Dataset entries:
Segment Open
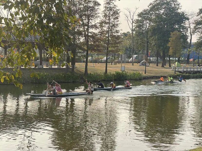 偶尔有几条龙舟从水面划过,
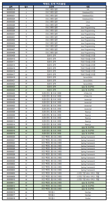 첫 달에는 Git, SQL, 리눅스, Java, 자료구조를 배웠습니다.
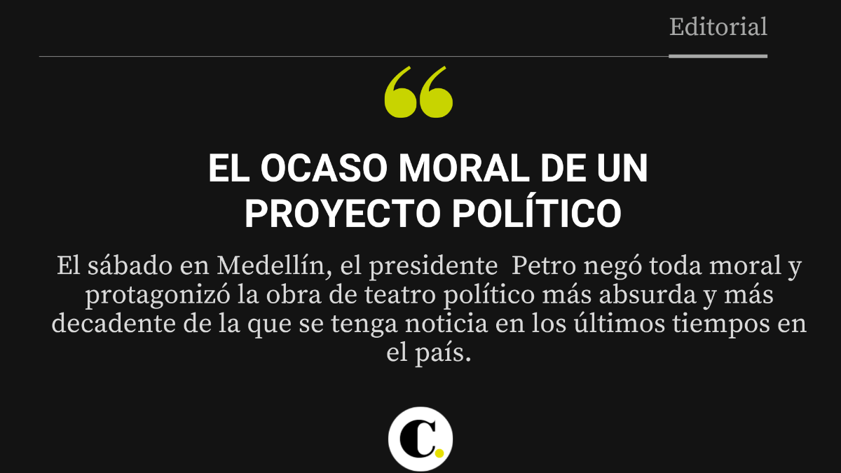 Al final de la obra Calígula, de Albert Camus, el protagonista dice: “He comprendido que el poder no tiene límites cuando el hombre niega toda moral”. Y eso parece haber ocurrido el sábado en Medellín. El presidente Gustavo Petro negó toda moral y protagonizó la obra de teatro político más absurda y más decadente de la que se tenga noticia en los últimos tiempos en el país.
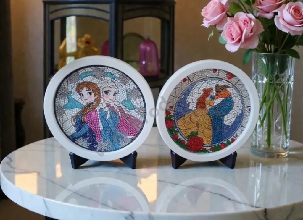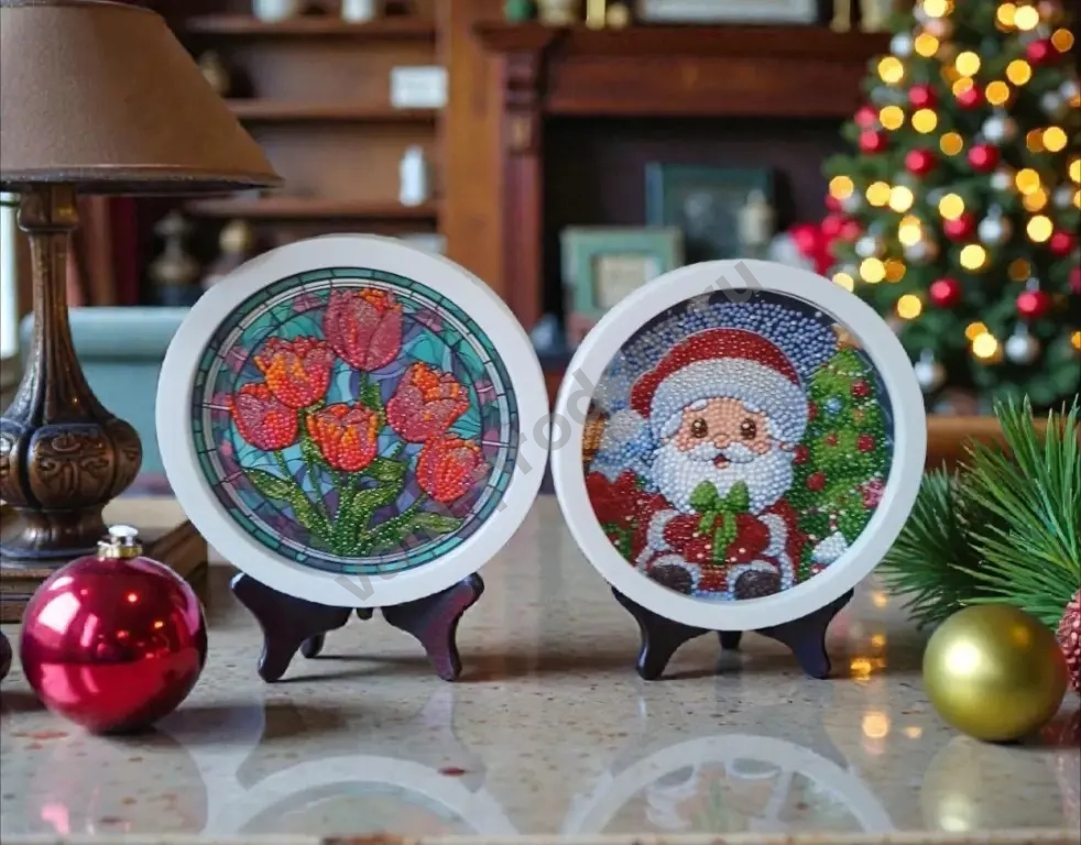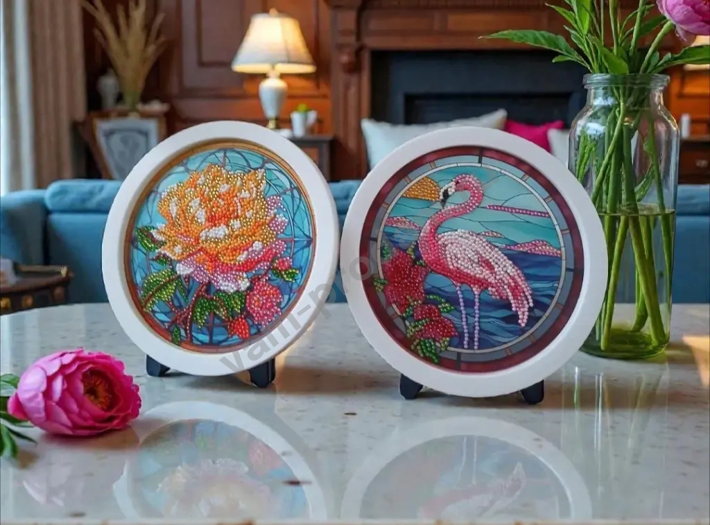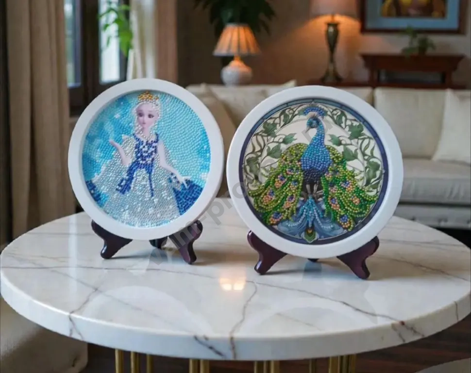 🎨 Круглая рамка и удобная подставка делают её идеальным украшением для любого интерьера.
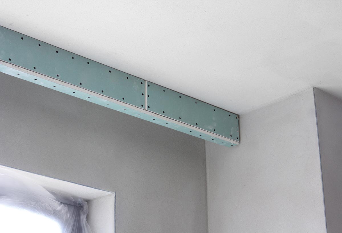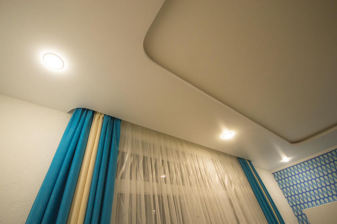 - Установка короба из гипсокартона. Позволяет установить также полосу из точечных ламп вдоль портьер.
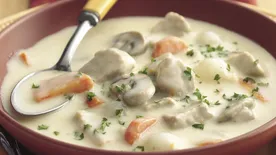 About 20 minutes before serving, stir in frozen peas. Cover; cook on Low heat setting about 20 minutes longer or until peas are tender.
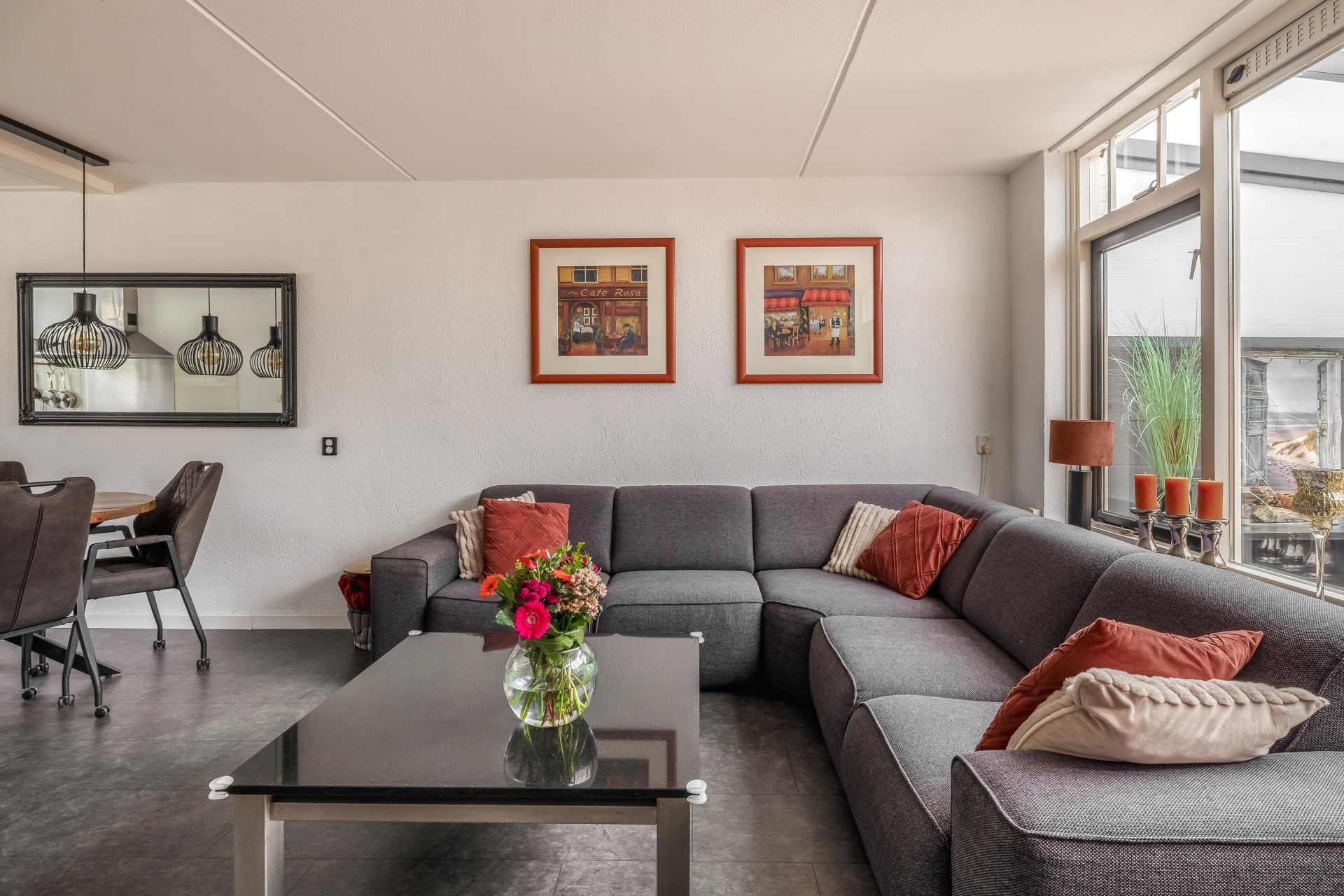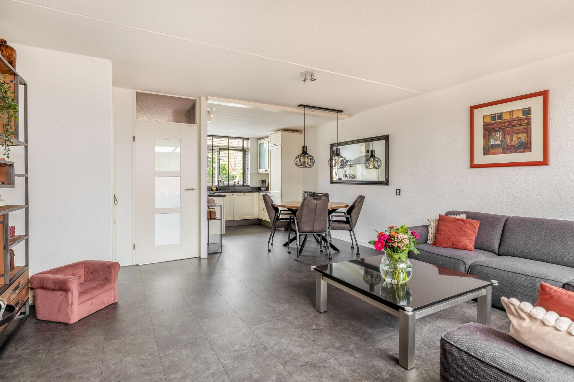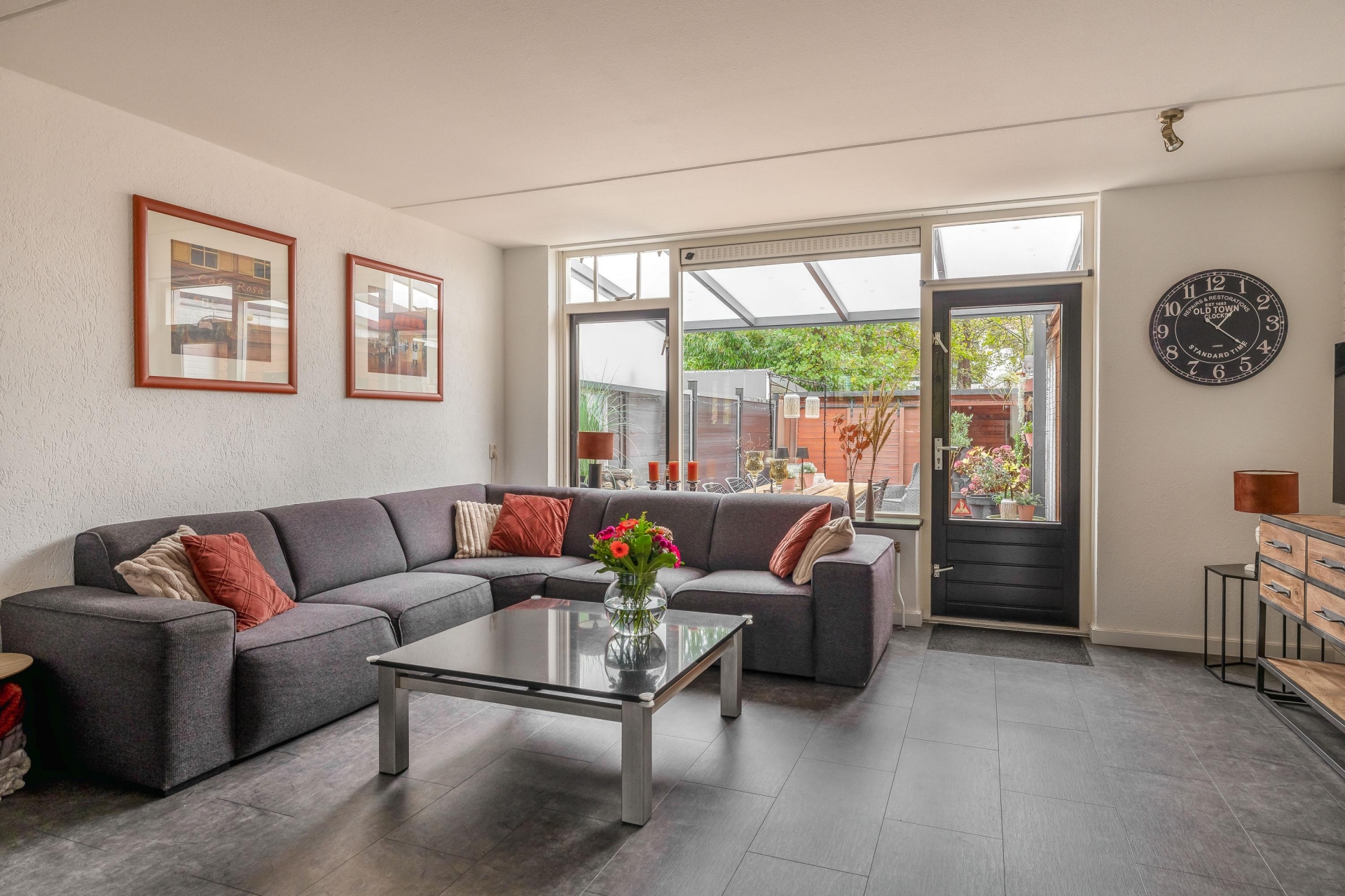 Binnen tref je een lichte en ruime doorzonwoonkamer met directe toegang tot de tuin. De open verbinding met de keuken zorgt voor een fijne leefruimte waar je zowel kunt koken als ontspannen met zicht op buiten. De klassieke U-keuken is functioneel en goed onderhouden: de perfecte plek om in te koken, met voldoende werkruimte en lichtinval.
Segment Closed
DIRECTIONS FOR THIS TASK: Beginning with the first line of the records, write out every line up to and including the one with "About 20 minutes before", exactly, and omit all pictures.

TASK SOLUTION:
 偶尔有几条龙舟从水面划过,
 첫 달에는 Git, SQL, 리눅스, Java, 자료구조를 배웠습니다.
 Al final de la obra Calígula, de Albert Camus, el protagonista dice: “He comprendido que el poder no tiene límites cuando el hombre niega toda moral”. Y eso parece haber ocurrido el sábado en Medellín. El presidente Gustavo Petro negó toda moral y protagonizó la obra de teatro político más absurda y más decadente de la que se tenga noticia en los últimos tiempos en el país.
 🎨 Круглая рамка и удобная подставка делают её идеальным украшением для любого интерьера.
 - Установка короба из гипсокартона. Позволяет установить также полосу из точечных ламп вдоль портьер.
 About 20 minutes before serving, stir in frozen peas. Cover; cook on Low heat setting about 20 minutes longer or until peas are tender.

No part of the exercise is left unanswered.